Claims Adjusters

When to Contact an Investment Losses Lawyer?

No one is safe from losing money on investments. After all, the market is all about balancing risks and rewards, and some amount of loss is both expected and unavoidable. However, there are situations where investors can and should contact a lawyer to help them recover investment losses, and it’s important to know what those situations are. First because knowing will help you get your hard-earned money back, and second because your actions can help take bad actors off the market.

That’s because the majority of the situations in which an investor can sue someone to recover their losses relate to mistakes or misconduct on the part of agents in the financial market.

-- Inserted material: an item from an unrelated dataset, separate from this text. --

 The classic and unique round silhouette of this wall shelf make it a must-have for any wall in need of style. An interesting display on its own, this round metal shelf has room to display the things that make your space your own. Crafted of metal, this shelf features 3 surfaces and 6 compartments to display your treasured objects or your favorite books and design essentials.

Agents such as financial brokers, advisors, brokerage firms, and more all have certain duties when dealing with clients, and when you suffer losses due to breaches in those duties, you might be able to recover those losses with the help of an investment lawyer. This article covers potential legal claims and legal avenues an investor could pursue in order to recover investment losses, but we strongly encourage investors to reach out to an experienced investor lawyer if they believe they may have been victims of investment-related misconduct.

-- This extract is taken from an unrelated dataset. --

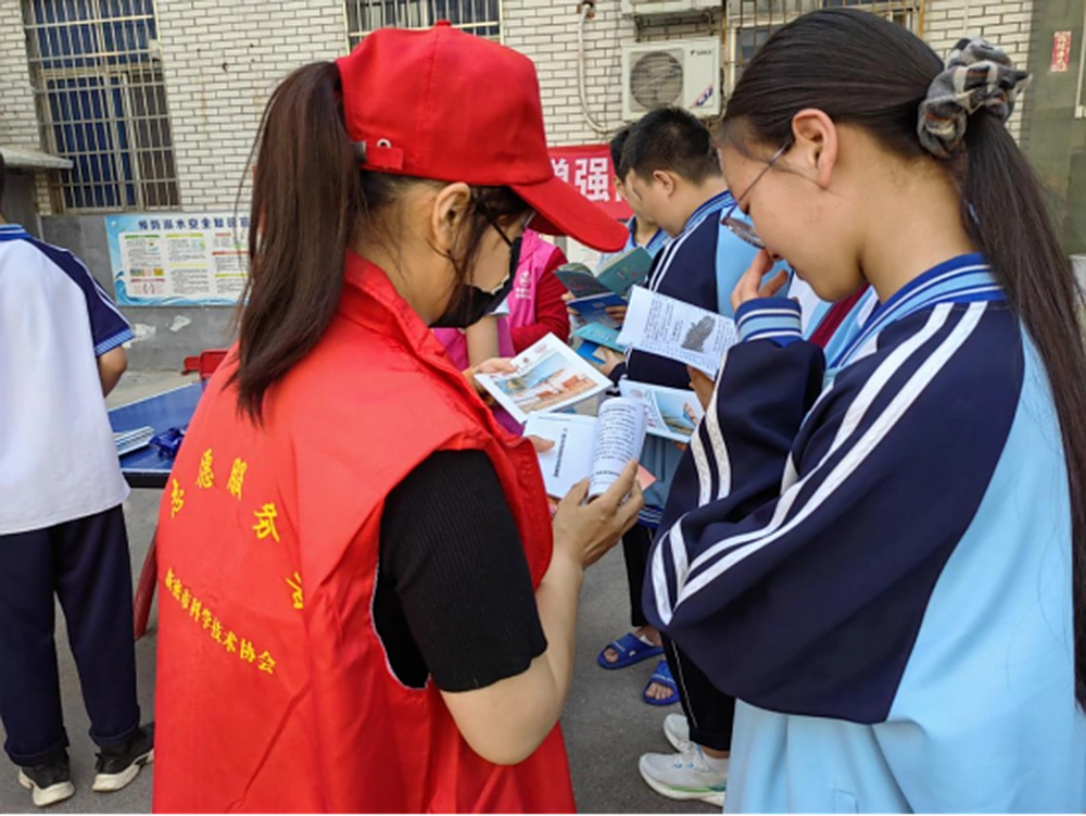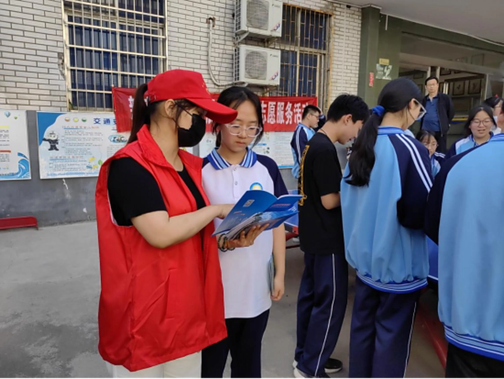 活动中,志愿者向学生一对一发放宣传页和科普手册,并对里面内容进行详细讲解什么是邪教、蚊子叮咬会传播传染病吗、电梯安全急救方法等知识,引起学生对科普手册内容的兴趣,引导大家安全健康文明的生活。

Generally speaking, breaches of conduct that could give you grounds to recover your losses include:

1 – Negligence

An investment advisor may be considered negligent when they fail to take important factors into account when using their client’s, or when offering financial advice. There are several important factors that an advisor should consider when making a recommendation, such as a client’s age, investment goals, investment experience, employment status, total net worth, and more.

A good example of this is an investor who recommends or performs aggressive and risky trades for a client who’s near retirement, using said client’s retirement funds. This would likely go against the client’s best interest, and major losses suffered under these conditions could ruin said client.

Of course what matters in the end, is not whether you believe your advisor was negligent, but whether or not said claims are strong enough to stand trial before a jury or a panel of arbitrators. This is why if you believe your losses might have been due to negligence, you should discuss the details with an experienced lawyer. The same applies to all the other types of misconduct in this article.

2 – Omissions and misrepresentations

You may be able to recover losses that were directly caused by omissions and misrepresentations. Financial advisors, stockbrokers, and investment advisors all must provide an accurate representation of the risks and projected future performance of a certain security, among other pieces of information.

Honest mistakes and changes due to market volatility are not causes for a lawsuit. But you may have grounds to recover your losses if the misrepresentation was caused by negligence, willful ignorance, or by intentional lies.

3 – Ponzi schemes

If you fall victim to a Ponzi scheme due to a recommendation from a financial advisor, talk to a lawyer. While on one hand financial advisors are not expected to be immune from financial schemes, on the other hand, they are expected to at least spot the obvious ones. If they failed to perform their due diligence, you might have a strong case.

4 – Unauthorized Trading

Depending on the type of your account, stockbrokers, financial advisors, or investment consultants might need formal permission to undertake transactions on your behalf. Losses suffered due to unauthorized trading may be recoverable.

5 – Churning

Even if you did allow your financial advisor to trade on your behalf, some behaviors are unacceptable. One example is the practice of churching, which involves the person in charge of your account performing an unusually high amount of trades every year to increase how much they make in fees and commissions.

Churning can potentially destroy one’s finances, and an experienced lawyer might be able to help you a) confirm that the advisor’s trading behavior was unusual and b) recover your losses.